If you were raised in the United States you likely grew up with the ‘mile’ as a primary unit of measure for distances between locations. Our friends to the north (as well as most of the world) grew up with a similar relationship with the kilometer. But don’t worry, this blog isn’t going to play into the ongoing battle between the imperial and metric systems, our goal is to address some key concepts related to distances in our systems (TMS, etc.), pricing functions, and key performance indicators (KPIs). So for our friends to the North, feel free to mentally replace ‘mile’ with ‘kilometer’ in your minds as these concepts are perfectly transferable.
What is a Mile?
As mentioned above we won’t engage in any debate on which measurement system is the best. But we can certainly mention that the unit conversions needed to get to a mile are a bit fuzzy. But in short, a mile is a unit of distance that equates to 1,760 yards, 5,280 feet, 63,360 inches, or an estimated 33 football fields, approximately 52 Blue Whales, or nearly the length of 150 school busses. However, for transportation service providers, a mile represents much more. Even though it is a measure of distance, a mile represents time, effort, risk, and cost. A mile driven is a mile further from home, it is one less mile you can drive with your fuel reserves, and every mile traveled separates you from one market to another. And in short, a mile represents the level of service and requirements you will have to provide to your customers (which are impacted by many variables). But before we dive down too deeply into this rabbit hole, a mile (or series thereto) also represents the market in which you service.
Optimum Mileage Radius & Primary Service Area
So how do you pick which market you will serve? And the best answer to that is with your company's strategic goals. Within those goals you will answer the question of “what kind of transportation provider will I be?”. Will you focus on regional freight? Will you be willing to hit the highway for long hauls to chase those higher rates? But as you have likely found, the answer to these questions is often anything but simple. Start with ‘you’. Plot pin your company's location on a map as well as the location of any companies you work with. Next, pin the cities in which your equipment is kept, your maintenance facilities, and where your drivers live. And as you evaluate these locations, you will also want to review the specific market opportunities (capacity, rates, key players) of all of these regions. You can do this with subscriptions to lane-level research available through load boards like DAT TruckersEdge for both market and spot freight. Check out the pricing and capacity requirements of these markets. With this information handy and plotted, you have identified your primary service area.
Service Radius Fine Tuning
With this basic footprint of your service area drawn, draw a line between your points of origin and destination.
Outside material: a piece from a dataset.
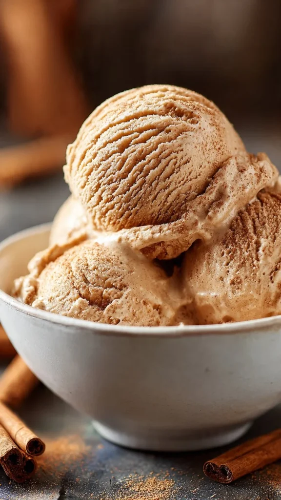 Serve this ice cream in a bowl or on a cone. You can top it with extra cinnamon, a drizzle of caramel sauce, or chocolate sauce for added flavor. It’s also great with chopped nuts or whipped cream. You can enjoy it alongside your favorite desserts, like pie or cake.
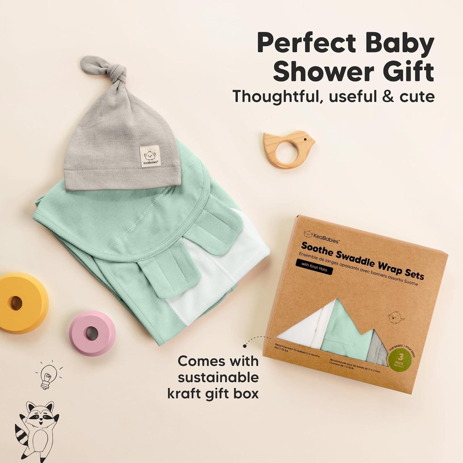 Gift-Ready – KeaBabies Soothe Baby Swaddle Wraps with Knot Hats come in a kraft gift box, perfect as baby showers and registries gift. Thoughtful, practical and easy to use baby boy, baby girl newborn essential for new parents.

Next, you will want to ‘draw a circle’ around all shipping and consignee points that equate to about 100 miles (you can increase/decrease this number as preferred). There are plenty of tools you can use to do this – or you can simply conceptualize this in your mind (or draw it on a crude sketch). But whatever tool you use, your lines and circles will likely start to look like gym equipment (dumbbells). This initial map sketch represents your primary service area. Any freight (that fits your criteria for cargo value, commodity, etc.) that picks up or delivers within this general geographic spread will fall into your primary service range. You have an existing business here, you have drivers that live here, and you likely have maintenance and service locations to support your business. If you have a problem within your ‘bubbles’, it is reasonably convenient to accommodate, recoup, and repair your equipment.
Service Risk Distance
But what about the areas along your ‘lines’ that don’t fall within your circles? Well, these indeed represent a bit of risk. And if the distance of your line between your ‘safety’ bubbles (or concentration of bubbles) is long, you are operating a bit outside of your primary service area and well into this service risk area. If your truck breaks down in those areas, you are incurring a bit more network risk in your business. This risk threshold (how much risk you want to accommodate) may be acceptable based on the opportunity, so the advice here is certainly not to make you squeamish about taking long hauls, but to make sure you have contingency planned into your process. Along this stretch make sure you have identified a variety of emergency maintenance services as well as safe spaces to lodge or rest. Understand the level of risk that your service area distance represents.
Service Opportunity
With your risk threshold understood, your service areas and gaps identified, and your service radius’ polished, it is time to start growing within your service area footprint. Create a list of cities, postal codes, states, or other geographic identifiers that you service (you may want to pull these into a simple spreadsheet for future reference). Next, reach out to shippers and receivers that exist in these areas and work to fill those trucks along your routes. In the short term, don’t hesitate to partner with a good dispatcher or broker to get you back home. But begin building your connections and expanding your area of operations using the same guidelines identified. Understand the opportunities and risks of each of your respective markets to take full advantage of your existing service areas.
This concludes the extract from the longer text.